▶ [Given records]:
====

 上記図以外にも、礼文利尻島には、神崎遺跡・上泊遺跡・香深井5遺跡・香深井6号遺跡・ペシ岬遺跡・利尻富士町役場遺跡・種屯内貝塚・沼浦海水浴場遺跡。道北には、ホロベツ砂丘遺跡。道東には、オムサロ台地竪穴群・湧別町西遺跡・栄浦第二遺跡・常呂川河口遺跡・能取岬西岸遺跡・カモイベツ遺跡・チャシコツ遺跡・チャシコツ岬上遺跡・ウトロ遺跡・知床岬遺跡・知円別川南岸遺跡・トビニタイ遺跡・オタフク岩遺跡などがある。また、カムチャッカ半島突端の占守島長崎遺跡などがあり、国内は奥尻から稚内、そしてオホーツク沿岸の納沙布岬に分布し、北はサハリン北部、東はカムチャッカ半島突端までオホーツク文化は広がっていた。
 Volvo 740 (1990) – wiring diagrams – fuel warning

====

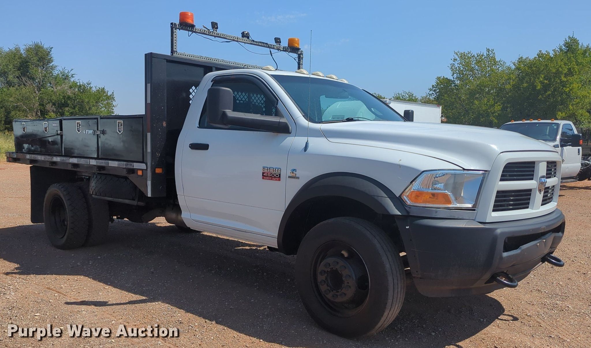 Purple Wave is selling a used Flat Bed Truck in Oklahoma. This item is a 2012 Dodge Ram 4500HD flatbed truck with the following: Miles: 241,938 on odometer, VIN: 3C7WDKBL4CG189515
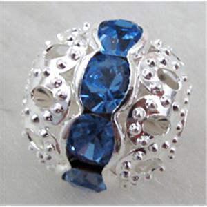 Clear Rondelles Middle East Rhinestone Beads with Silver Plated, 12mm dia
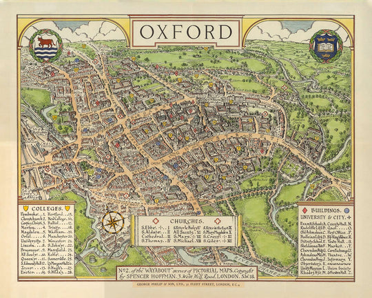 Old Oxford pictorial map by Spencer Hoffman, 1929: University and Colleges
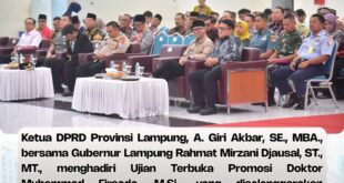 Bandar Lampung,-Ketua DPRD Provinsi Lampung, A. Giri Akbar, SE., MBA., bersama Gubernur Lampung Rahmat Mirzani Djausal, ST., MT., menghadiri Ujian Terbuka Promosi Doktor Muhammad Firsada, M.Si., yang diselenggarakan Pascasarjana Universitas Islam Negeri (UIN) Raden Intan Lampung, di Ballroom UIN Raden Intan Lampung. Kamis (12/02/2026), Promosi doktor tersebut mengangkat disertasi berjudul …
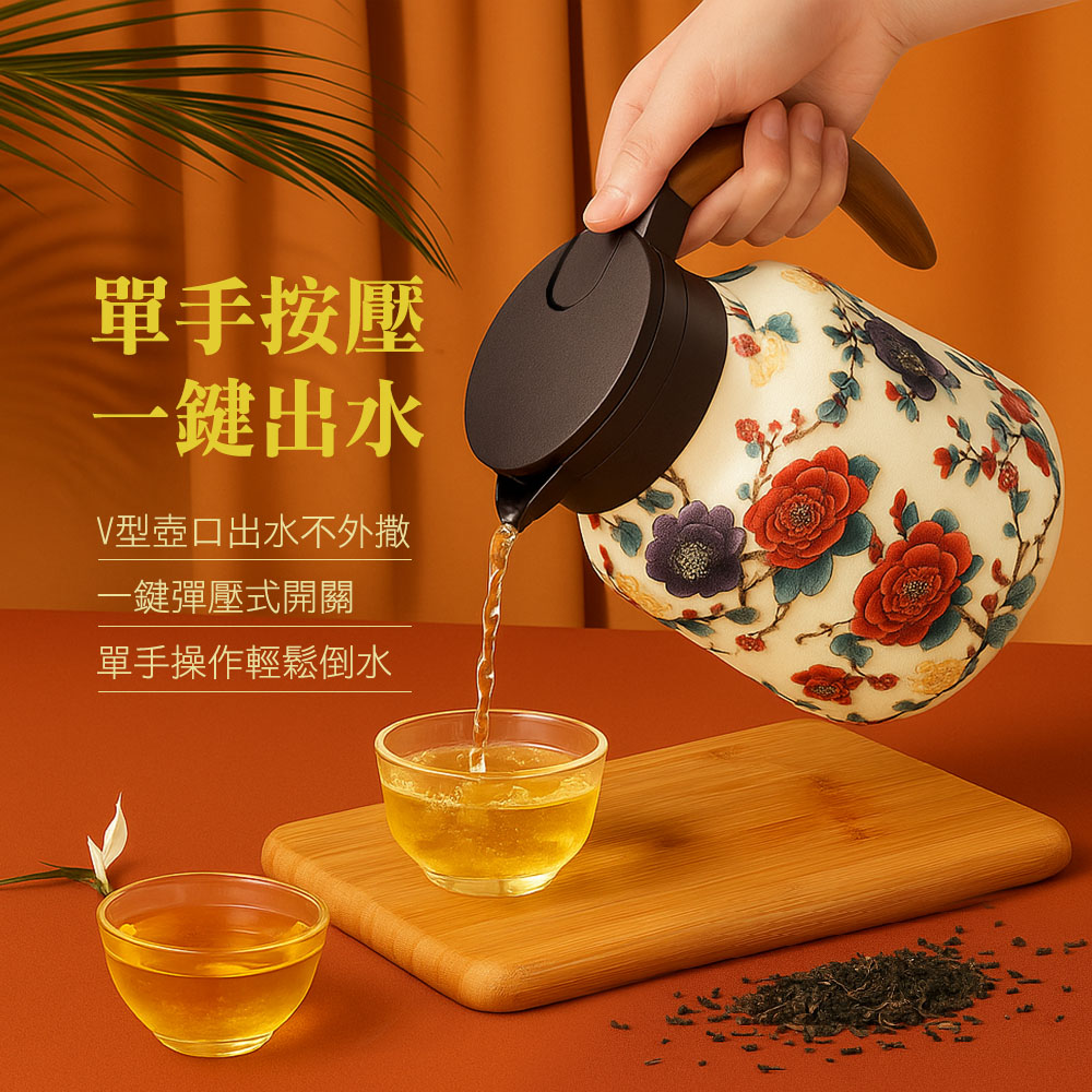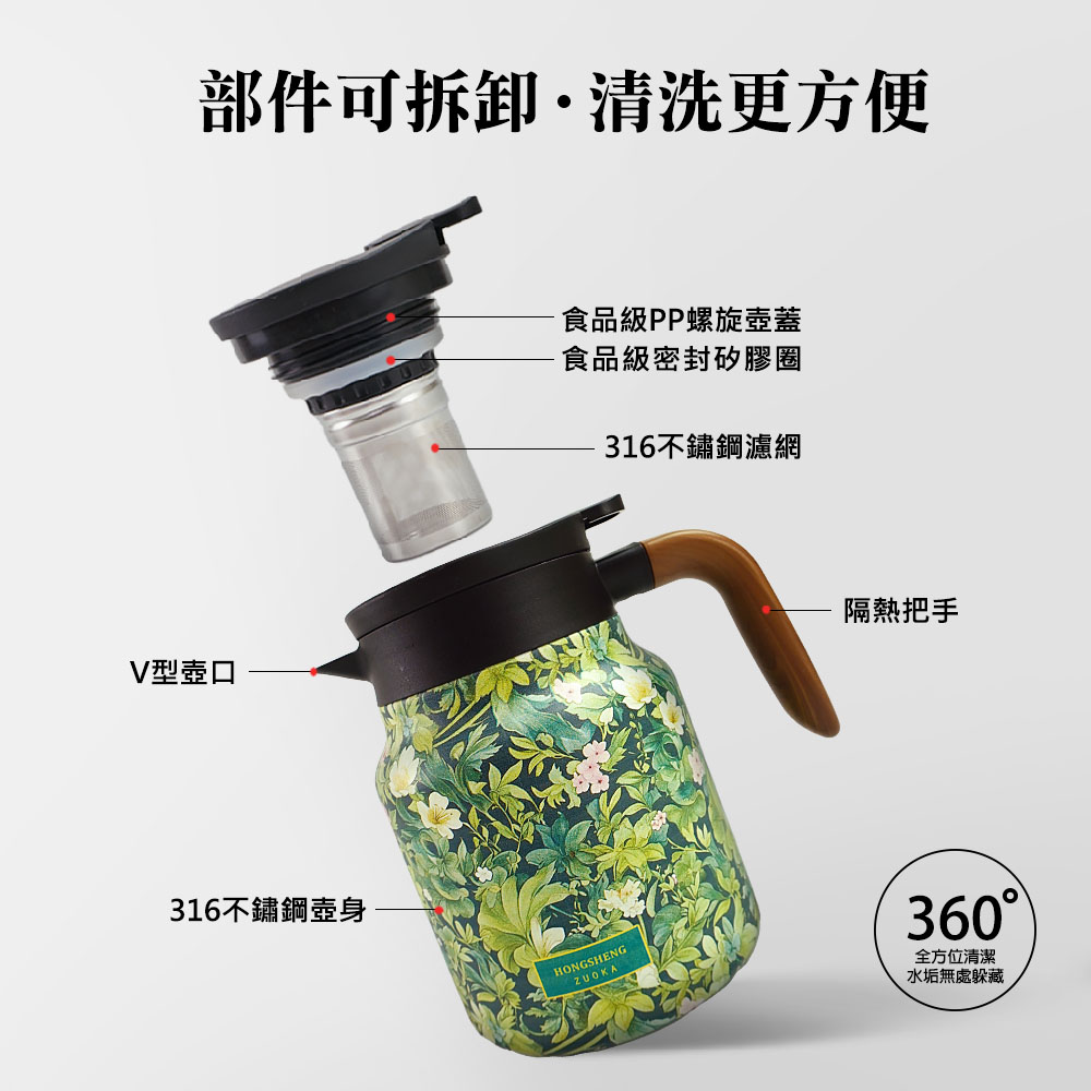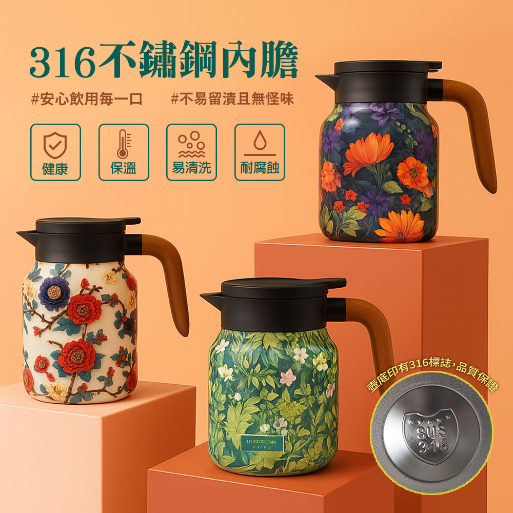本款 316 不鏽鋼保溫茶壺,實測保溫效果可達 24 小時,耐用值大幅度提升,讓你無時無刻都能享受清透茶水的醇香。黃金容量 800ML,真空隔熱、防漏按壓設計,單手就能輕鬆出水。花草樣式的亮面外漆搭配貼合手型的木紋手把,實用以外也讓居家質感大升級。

====

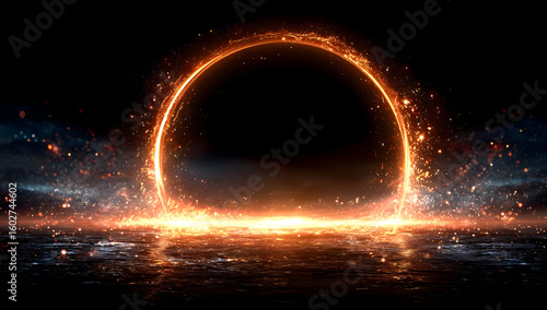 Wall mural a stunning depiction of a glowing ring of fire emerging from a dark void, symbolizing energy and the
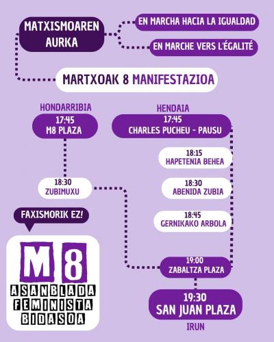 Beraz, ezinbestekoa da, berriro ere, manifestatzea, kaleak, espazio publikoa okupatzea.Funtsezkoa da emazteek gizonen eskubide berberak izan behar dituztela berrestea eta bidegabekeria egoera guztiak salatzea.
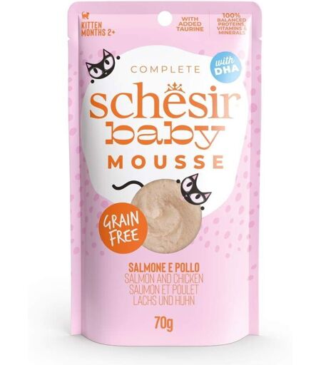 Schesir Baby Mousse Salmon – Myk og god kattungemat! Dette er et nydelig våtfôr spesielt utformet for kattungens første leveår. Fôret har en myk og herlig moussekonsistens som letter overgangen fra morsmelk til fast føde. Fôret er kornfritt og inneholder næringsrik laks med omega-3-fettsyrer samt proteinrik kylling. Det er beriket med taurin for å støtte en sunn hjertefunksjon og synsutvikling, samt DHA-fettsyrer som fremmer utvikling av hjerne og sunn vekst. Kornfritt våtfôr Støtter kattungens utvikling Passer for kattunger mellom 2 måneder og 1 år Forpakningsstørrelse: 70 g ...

====

▶ [Directions]: Keeping every character as it is, restate the lines above that run from the line with "上記図以外にも、礼文利尻島に" through the line with "Volvo 740 (1990)", both included, and nothing else.

▶ [Output of the task]:
 上記図以外にも、礼文利尻島には、神崎遺跡・上泊遺跡・香深井5遺跡・香深井6号遺跡・ペシ岬遺跡・利尻富士町役場遺跡・種屯内貝塚・沼浦海水浴場遺跡。道北には、ホロベツ砂丘遺跡。道東には、オムサロ台地竪穴群・湧別町西遺跡・栄浦第二遺跡・常呂川河口遺跡・能取岬西岸遺跡・カモイベツ遺跡・チャシコツ遺跡・チャシコツ岬上遺跡・ウトロ遺跡・知床岬遺跡・知円別川南岸遺跡・トビニタイ遺跡・オタフク岩遺跡などがある。また、カムチャッカ半島突端の占守島長崎遺跡などがあり、国内は奥尻から稚内、そしてオホーツク沿岸の納沙布岬に分布し、北はサハリン北部、東はカムチャッカ半島突端までオホーツク文化は広がっていた。
 Volvo 740 (1990) – wiring diagrams – fuel warning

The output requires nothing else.